BEGIN EXTRACTED RECORDS

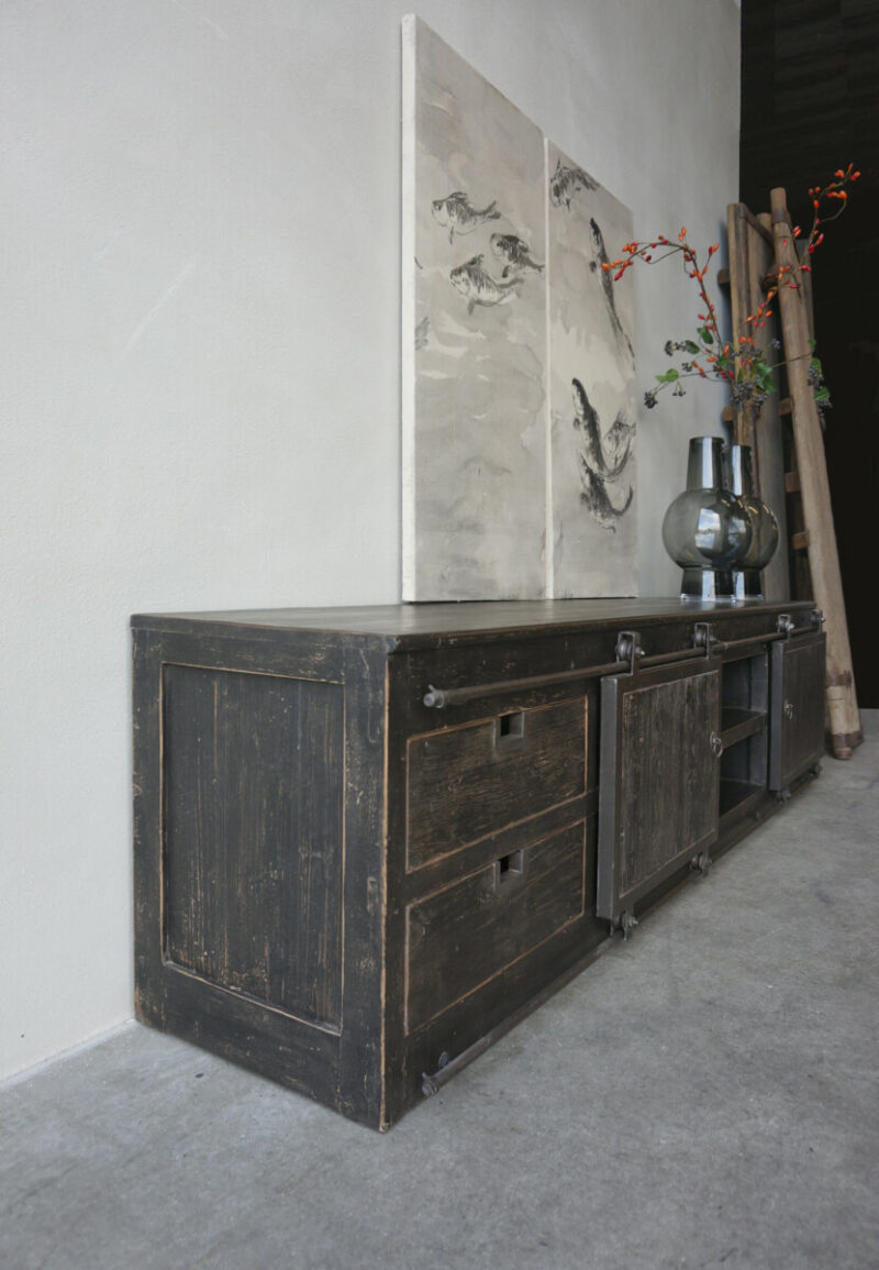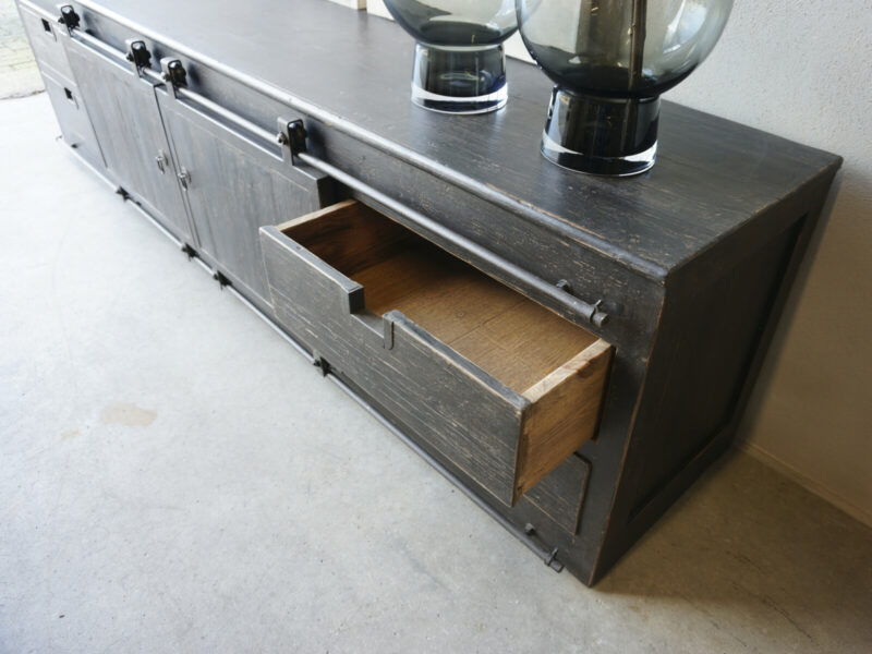 TV Sideboard BARN Olm 240 Natural is made of the robust hard wood Olm with two sliding barndoors and 4 spacious drawers. There is also a 200 cm variant
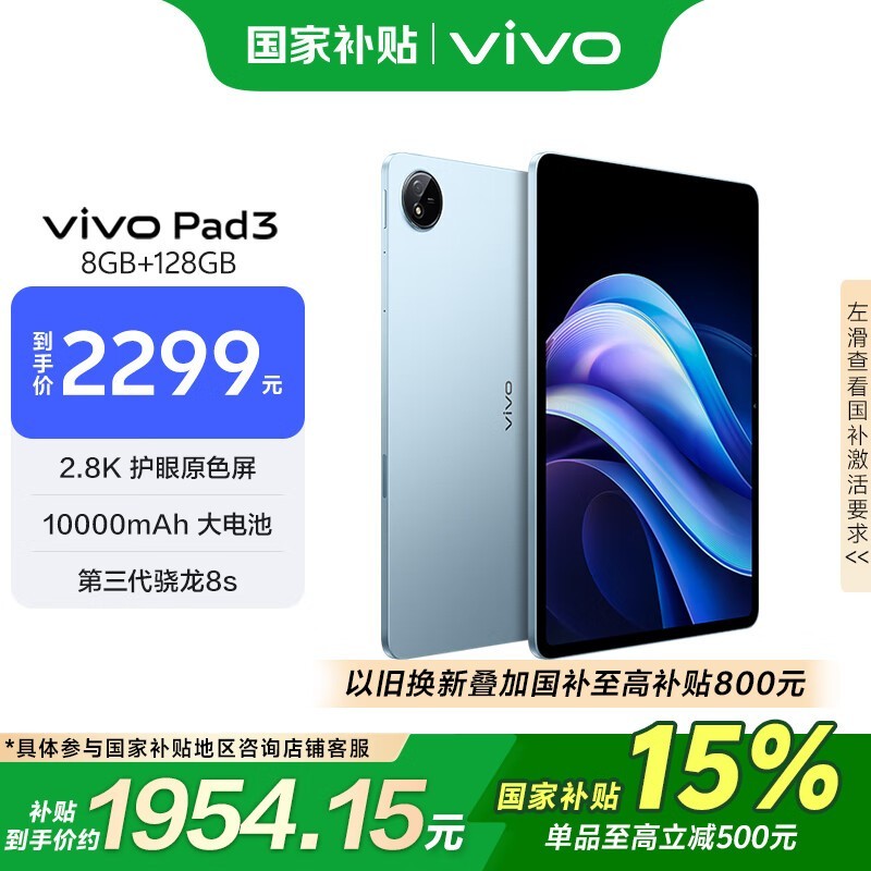 vivo Pad3平板电脑春潮蓝 12.1英寸2.8K 144Hz高刷屏
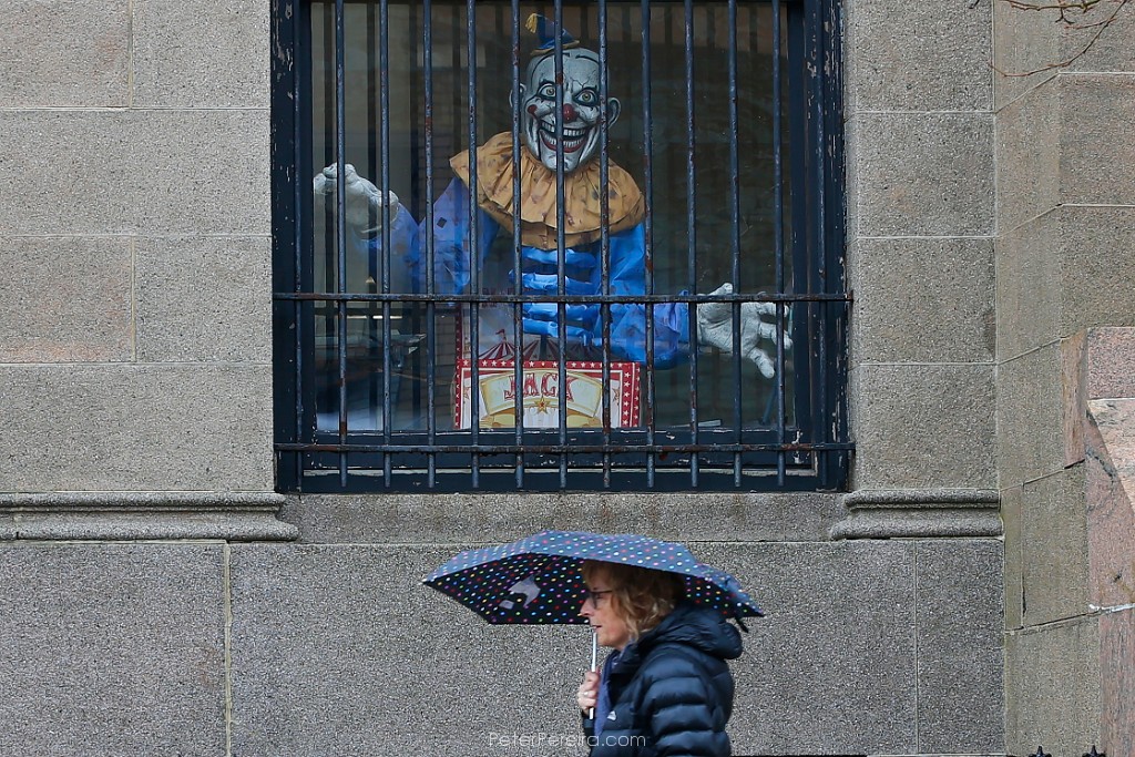 21E17737 A woman walks past a scary Jack in the Box installed behind a window on the Union Square building on Union Street in New Bedford.
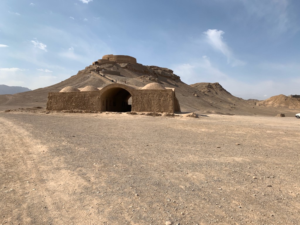 The first stop was at two Zoroastrian Towers of Silence on the edge of the city near Highway 71, the road that connects Tehran to the Persian Gulf. These towers are the places where Zoroastrians would bring deceased family members for final rites. The compound below the towers is comprised of several of small buildings in which family members of the deceased could stay during the ceremony. Because a cold wind was blowing, our group took shelter in one of these to listen to a brief lecture by Vahid on Zoroastrianism.
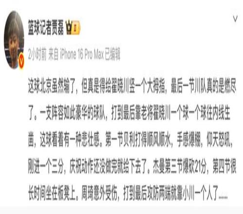 賈磊這段文字既是對老將翟曉川的夸獎,也是對北京教練組使用外援辦法的不滿,此役杰曼砍下29分,第三節(jié)轟下21分,貝利則入賬11分,北京隊內(nèi)只有3人得分上雙,另外一人是翟曉川的15分。
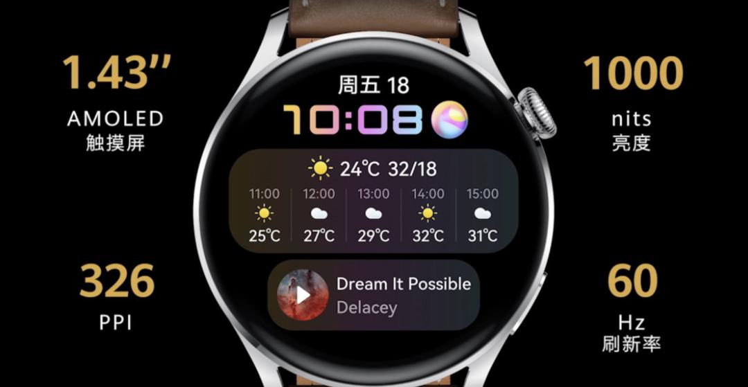 在硬件配置方面,华为Watch 3 Pro搭载了一块1.43英寸OLED屏幕,屏幕PPI为326,机身采用钛合金打造,表面为蓝宝石材质。
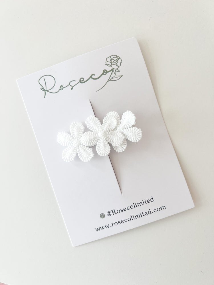 Our beautiful Victoria floral clip is sold individually and can be added to any hairstyle. The 3 large beautiful white flowers have been added to a softback clip.
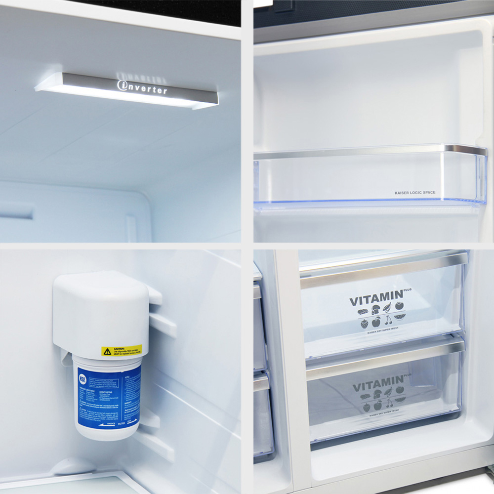 Kaiser Avantgarde Stainless Steel Pro Plumbed Black Fridge Freezer 556L
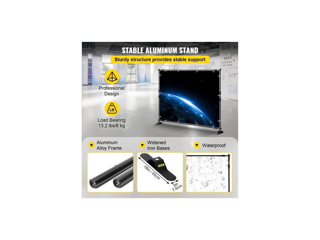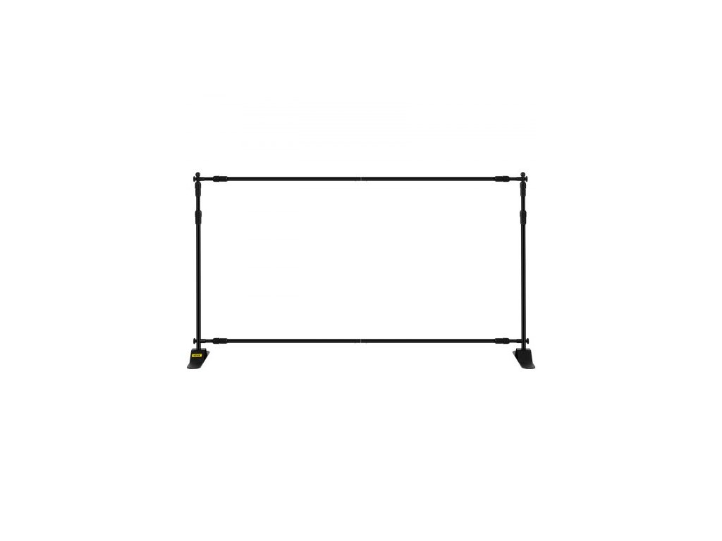 Rozsah šířky: 1,4 m - 2,4 m,Tloušťka stěny trubky: 1 mm,Nosnost: 6 kg,Výškový rozsah: 1,1 m - 2,4 m,Rozměry základny (D x Š): 45 cm x 7,6 cm,Barva: Černá,Minimální velikost grafiky (Š x V): 1,1 m x 1,4 m,Hmotnost výrobku: 5,4 kg,Materiál rámu: Hliník, Max. velikost grafiky (Š x V): 1,4 m x 2,4 m, Základní materiál: Železo
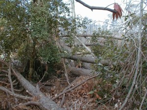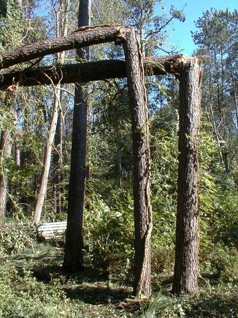 Oh, Isabel has a wicked sense of humor. Before she snaps the phone lines, she snaps a pine, twisting and tearing at a thick tangle of confederate jasmine growing round a neighboring pine. A second howl, and the jasmine is neatly set to rights, barely a leaf disturbed.
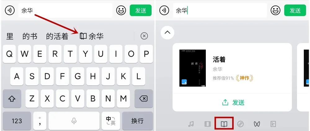 比如在搜索“余华”时,键盘中就会出现带有书本翻页的动态图标,点开之后,就能看到余华的作品,点击发送,就会发送出微信读书的小程序▼
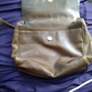 This pre-loved, vintage, coated canvas, non-leather (think vegan) Bottega Veneta bag features an outer front pocket and a zippered internal pocket. This item is well-worn - there are faded areas on the exterior but otherwise, it's in good, functional condition. Includes original dust bag. Note: This bag is several decades old and pre-dates serial numbers. Measurements: 13"x11".

END EXTRACTED RECORDS

WHAT YOU NEED TO DO: Could you repeat, exactly and with nothing added, the lines from the top of the entries above through the line that holds "21E17737 A woman", leaving out any pictures?

OUTPUT:
 TV Sideboard BARN Olm 240 Natural is made of the robust hard wood Olm with two sliding barndoors and 4 spacious drawers. There is also a 200 cm variant
 vivo Pad3平板电脑春潮蓝 12.1英寸2.8K 144Hz高刷屏
 21E17737 A woman walks past a scary Jack in the Box installed behind a window on the Union Square building on Union Street in New Bedford.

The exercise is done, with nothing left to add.